LOUISVILLE, Ky. – When confronted with difficult decisions, horse trainers typically fall back on a couple of tried-and-true devices. When in doubt, defer to what your horse is telling you. And, if further assurance becomes necessary, look at what has worked in the past and duplicate.
Todd Pletcher's judgment has filled his mantel with seven Eclipse Awards for outstanding trainer and made him Thoroughbred racing's all-time leader by career earnings. So forgive him and owners Twin Creeks Racing if they seem unfazed by asking multiple graded stakes winner Destin to try and break fresh ground in the 142nd Kentucky Derby.
The gray son of Giant's Causeway has carried himself with aplomb during his morning training at Churchill Downs this week, fitting considering he has some of the freshest legs in the expected 20-horse field. When Destin is loaded into the Kentucky Derby starting gate Saturday, he will be making his first start since winning the Grade II Tampa Bay Derby on March 12, an eight-week hiatus that is testing the limits of history in the classic.
If the past decade has proven anything, it's that some previously hard and fast Kentucky Derby rules were made to be broken. Where a five-week layoff was once considered an automatic bet against, four Kentucky Derby winners — Barbaro (2006), Big Brown (2008), Mine That Bird (2009) and Orb (2013) — have pulled off that feat in the last 10 years.

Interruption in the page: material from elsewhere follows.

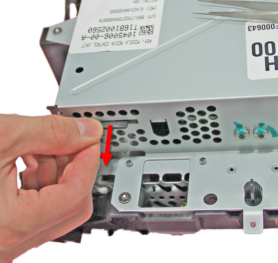 CAUTIONIf the Micro SD card is accidentally dropped into the MCU chassis, completely remove the MCU from the vehicle, and gently shake the MCU with the Micro SD card slot down to work the loose Micro SD card out of a chassis opening. If this is unsuccessful, the MCU will need to be opened to remove the Micro SD card.

Animal Kingdom pushed the boundary even further when he came off a six-week break to take the 2011 edition of the first leg of the Triple Crown. Given the way barriers have been broken, and the fact Destin does have the foundation of three races this year, the consensus after his latest triumph was that he didn't need to do anything extra to prove himself Derby-ready.
"I don't try to overthink that," said Randy Gullatt of Twin Creeks Racing, which recently sold a minority interest in Destin to Eclipse Thoroughbreds. "I think every week in the last three weeks we've seen a better horse and that is what we were predicting we would see. He's had four stiff races every month [since December] and we just didn't think he needed another one.
"Sometimes when you ask for 'A' races from these growing horses too many times, it's when are they going to say 'no.' And we wanted him at his best on Kentucky Derby Day."
Time is particularly welcomed in the Pletcher operation.